Question

A rectangular sheet of tin 45 cm by 24 cm is to be made into a box without top, by cutting-off square from each corner and folding up the flaps. What should be the side of the square to be cut-off so that the volume of the box is maximum?

Answer 1

Let the side of the square to be cut off be x cm. Then, the height of the box is x, the length is 45-2x and the breadth is 24-2x.
Let V be the corresponding volume of the box then,

$V=x(24-2x)(45-2x)\Rightarrow V=x(4x^2-138x+1080)=4x^3-138x^2+1080x$
On differentiating twice w.r.t.x, we get
$\frac{dV}{dx}=12x^2-276x+1080$
and $\frac{d^{2}V}{d{x}^2}=24x-276$
For maxima put $\frac{dV}{dx}=0$
$\Rightarrow 12x^2-276x+1080=0\Rightarrow x^2-23x+90=0\Rightarrow (x-18)(x-5)=0\Rightarrow x=5,18$
It is not possible to cut-off a square of side 18 cm from each corner of the rectangular sheet.

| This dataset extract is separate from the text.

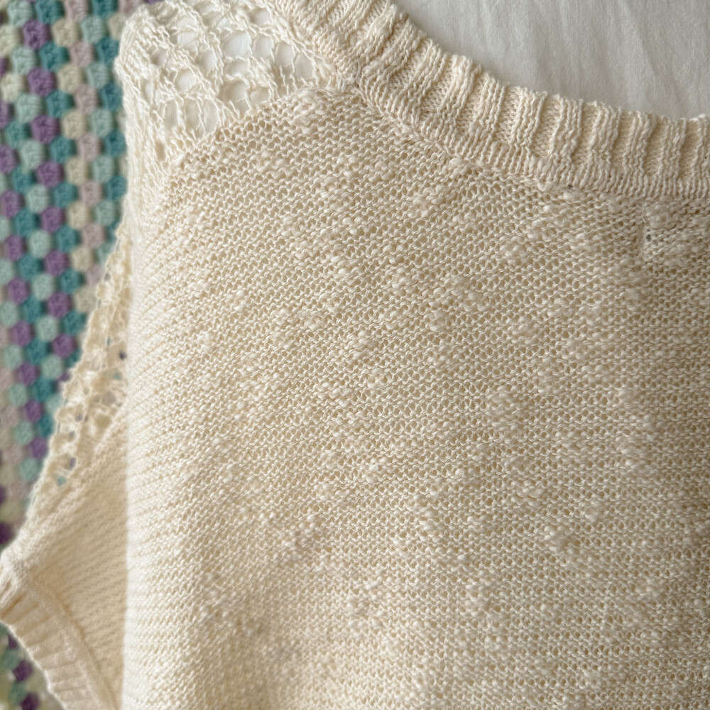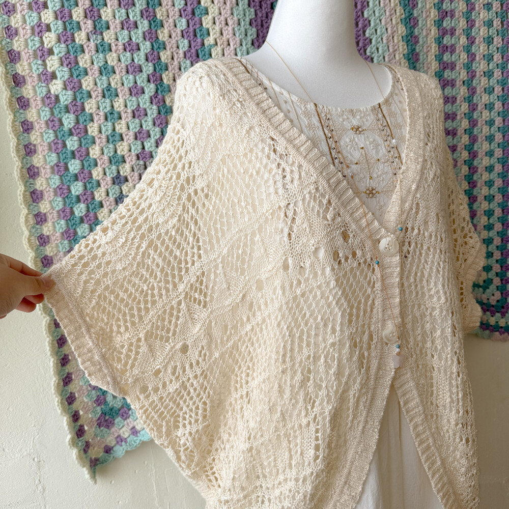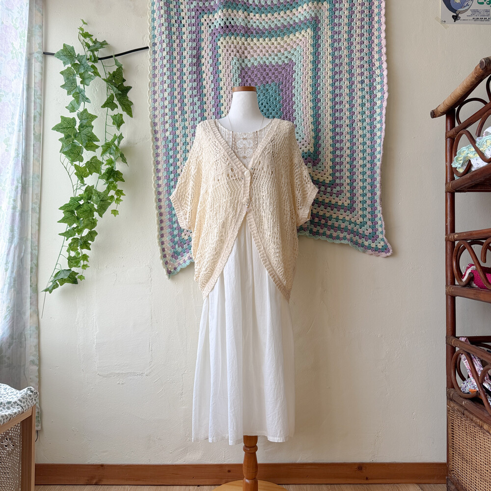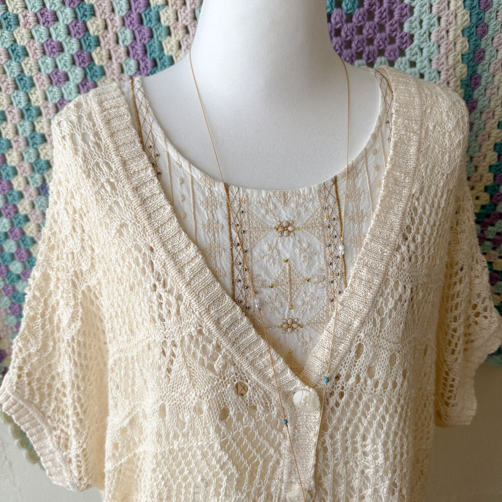 아이보리 색감의 펀칭 크로셰 볼레로 가디건이에요

Thus, x cannot be equal to 18.
At $x=5,{\left(\frac{d^{2}V}{d{x}^2}\right)}_{x=5}=24\times 5-276=120-276=-156<0$
$\therefore$ By second derivative test, x=5 is the point of maxima.
Hence, the side of the square to be cut-off to make the volume of the box maximum possible is 5 cm.